• Data for analysis:
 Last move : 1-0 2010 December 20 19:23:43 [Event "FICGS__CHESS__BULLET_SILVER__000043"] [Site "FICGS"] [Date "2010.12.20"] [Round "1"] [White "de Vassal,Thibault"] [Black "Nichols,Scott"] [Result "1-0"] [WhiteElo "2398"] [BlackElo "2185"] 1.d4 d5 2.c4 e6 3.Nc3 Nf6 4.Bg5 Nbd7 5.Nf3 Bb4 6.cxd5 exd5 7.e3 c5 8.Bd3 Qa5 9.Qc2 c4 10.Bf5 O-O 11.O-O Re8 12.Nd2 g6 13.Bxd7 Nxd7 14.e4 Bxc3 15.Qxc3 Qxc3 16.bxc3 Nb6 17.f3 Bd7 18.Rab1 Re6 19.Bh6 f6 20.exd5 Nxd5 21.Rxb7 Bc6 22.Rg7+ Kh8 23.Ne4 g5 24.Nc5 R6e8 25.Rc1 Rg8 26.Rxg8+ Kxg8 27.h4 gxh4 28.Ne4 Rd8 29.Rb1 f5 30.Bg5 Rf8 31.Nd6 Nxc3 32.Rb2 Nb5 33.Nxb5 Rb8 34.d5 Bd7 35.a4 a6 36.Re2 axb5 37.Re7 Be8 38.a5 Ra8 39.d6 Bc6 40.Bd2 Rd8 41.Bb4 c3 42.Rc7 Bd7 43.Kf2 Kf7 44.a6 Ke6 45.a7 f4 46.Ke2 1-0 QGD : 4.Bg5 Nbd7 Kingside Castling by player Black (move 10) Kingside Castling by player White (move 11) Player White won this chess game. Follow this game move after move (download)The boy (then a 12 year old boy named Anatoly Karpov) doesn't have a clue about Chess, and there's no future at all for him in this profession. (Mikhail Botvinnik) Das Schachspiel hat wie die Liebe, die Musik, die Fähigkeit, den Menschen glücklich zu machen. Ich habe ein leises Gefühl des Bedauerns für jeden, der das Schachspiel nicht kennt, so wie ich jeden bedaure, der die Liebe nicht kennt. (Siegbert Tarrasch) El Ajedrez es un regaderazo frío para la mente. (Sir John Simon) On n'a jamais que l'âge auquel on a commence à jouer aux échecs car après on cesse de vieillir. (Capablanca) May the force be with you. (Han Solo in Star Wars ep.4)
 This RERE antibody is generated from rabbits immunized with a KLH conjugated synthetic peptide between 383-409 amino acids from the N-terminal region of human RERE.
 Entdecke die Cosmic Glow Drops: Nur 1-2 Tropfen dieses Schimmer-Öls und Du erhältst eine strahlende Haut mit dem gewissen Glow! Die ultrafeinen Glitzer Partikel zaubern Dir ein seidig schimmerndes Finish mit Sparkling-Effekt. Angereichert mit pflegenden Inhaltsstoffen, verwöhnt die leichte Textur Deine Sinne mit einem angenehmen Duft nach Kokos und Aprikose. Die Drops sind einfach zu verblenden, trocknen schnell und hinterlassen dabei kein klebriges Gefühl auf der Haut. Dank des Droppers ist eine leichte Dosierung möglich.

...

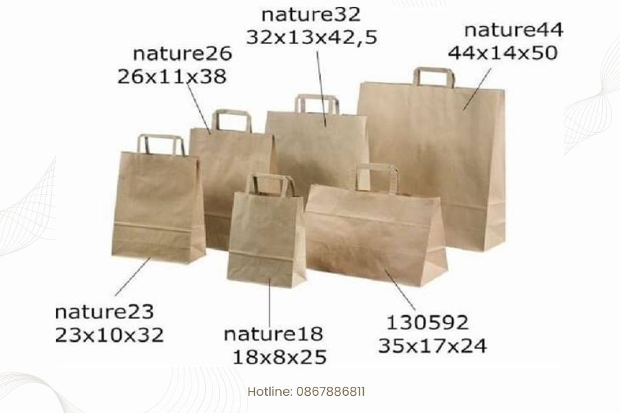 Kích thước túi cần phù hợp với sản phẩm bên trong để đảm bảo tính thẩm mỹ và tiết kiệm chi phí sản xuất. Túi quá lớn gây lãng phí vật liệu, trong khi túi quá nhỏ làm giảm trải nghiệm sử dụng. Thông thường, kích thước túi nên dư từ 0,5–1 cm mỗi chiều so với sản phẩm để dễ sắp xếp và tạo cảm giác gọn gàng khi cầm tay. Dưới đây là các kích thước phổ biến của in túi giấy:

• Work to be completed: In the listing above, locate the line containing "This RERE antibody" and the line containing "Entdecke die Cosmic". Extract those two lines and every line between them, exactly as written, and only those.

• Reply to the task:
 This RERE antibody is generated from rabbits immunized with a KLH conjugated synthetic peptide between 383-409 amino acids from the N-terminal region of human RERE.
 Entdecke die Cosmic Glow Drops: Nur 1-2 Tropfen dieses Schimmer-Öls und Du erhältst eine strahlende Haut mit dem gewissen Glow! Die ultrafeinen Glitzer Partikel zaubern Dir ein seidig schimmerndes Finish mit Sparkling-Effekt. Angereichert mit pflegenden Inhaltsstoffen, verwöhnt die leichte Textur Deine Sinne mit einem angenehmen Duft nach Kokos und Aprikose. Die Drops sind einfach zu verblenden, trocknen schnell und hinterlassen dabei kein klebriges Gefühl auf der Haut. Dank des Droppers ist eine leichte Dosierung möglich.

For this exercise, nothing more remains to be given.